Our report shows, that successful allogeneic hematopoietic cells transplantation can be safely performed with treosulfan-based myeloablative conditioning in patient with heart insufficiency. Decision whether to transplant and conditioning treatment modification in patient not fulfilling generally accepted qualification criteria due to low LVEF should be individually considered and balanced against potential risks of the disease [7].


  1. Okamoto S. Current indication for hematopoietic cell transplantation in adults. Hematol OncolStem Cell Ther. 2017;10(4):178-83.
  2. Qazilbash MH, Amjad AI, Qureshi S, Qureshi SR, Saliba RM, Khan ZU, et al. Outcome of allogeneic hematopoietic stem cell transplantation in patients with low Left Ventricular Ejection Fraction. Biol Blood Marrow Transplant. 2009;15(10):1265-70.
  3. Lehmann S, Isberg B, Ljungman P, Paul C. Cardiac systolic function before and after hematopoietic stem cell transplantation. Bone Marrow Transplant. 2000;26(2):187-92.

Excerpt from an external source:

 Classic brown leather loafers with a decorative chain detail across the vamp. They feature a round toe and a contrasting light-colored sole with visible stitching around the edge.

  4. Ghosh A, Miller W, Orchard PJ, Jones SA, Mercer J, Church J, et al. Enzyme replacement therapy prior to haematopoietic stem cell transplantation in Mucopolysaccharidosis Type I: 10 year combined experience of 2 centres. Mol Genet Metab. 2016;117(3):373-7.
  5. Piranfar MA, Karvandi M, Yazdani S, Pishgahi M, Mehdizadeh M, Hajfathali A, et al. Bone marrow transplantation may augment cardiac systolic function in patients with a reduced left ventricular ejection fraction. J Cardiovasc Dis Res. 2012;3(4):310-4.

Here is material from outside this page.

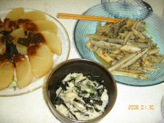 牡蠣ご飯を所望した うららの夫のために アオ空市場に買い物 目当ては 牡蠣・・殻付が あっちでも こっちでも やまずみです・・・一通り 路・両側の エビ 牡蠣 あさり ひらめ カレイ 鯛 鯉等を 見て歩く 足を止めて 剥いた牡蠣を600グラム買った・・・ 300グラムでいいのだが・・一斤が・・単位・・ 500グラムなのだ・・ まあいいか1斤でもと注文するすると・・ オバサン ・・入れる入れる・・どんどん入れる この手の商法が普通なのよだから・・こういう時は バン・1斤の半分と 言った方が良かったワ水物だからね・・コスさも・・だんだん出てくる それが見えるのよ ヤダネ もう 充分だと 大声で言う・・ と やっと 入れ込みを止めるオバサン達だ仕方がない 牡蠣カキ入れ時だからね うフ・・でも・・いい牡蠣 ぷりぷりの大粒だ春菊が有ったので・・少し 電子レンジでチンとして混ぜました 牡蠣ご飯 (三つ葉があれば・・最高)大根を 蒸して後 薄味(すぐ染みる)・・・ ミソの倍の量のみりんでタレを(鍋で煮る)ふろふき大根 ( ミソ 赤だししかない)レンコンが(大100円)皮むき後 たて切りで金平風に炒め煮 レンコンの金平 (青海苔がないので代用根昆布)さといも も 塩蒸しにして 甘辛しょうが煮のブタ肉と 混ぜ合わせる さといも煮ころがし黒豆と 菜の花のつぼみのおしたし主人のお客さんの為に 洋ナシのタルト業務用 干し柿(山程買い込んだ)吸い物は お客さんの顔を見てから・・ただ今 ほそ火で・・保温中豆腐 えび 残りの牡蠣 を入れたけんちん汁風に・・・・とろみをつけた濃い 出し で中国では 客の顔を見てから 作り出す・・熱々でなければ・・料理では有りませんが・・うららは日本人 メイクワンシ だ・・熱々は ご飯と吸い物 だけ だよん~ 後は 顔を見て 電子レンジで チン!これを うららは 失礼ながら・・ チン客 という

  6. Hertenstein B, Stefanic M, Schmeiser T, Scholz M, Göller V, Clausen M, et al. Cardiac toxicity of bone marrow transplantation: predictive value of cardiologic evaluation before transplant. J Clin Oncol. 1994;12(5):998- 1004.
  7. Fein JA, Shimoni A, Labopin M, Shem-Tov N, Yerushalmi R, Magen H, et al. The impact of individual comorbidities on non-relapse mortality following allogeneic hematopoietic stem cell transplantation. Leukemia. 2018;1787-94.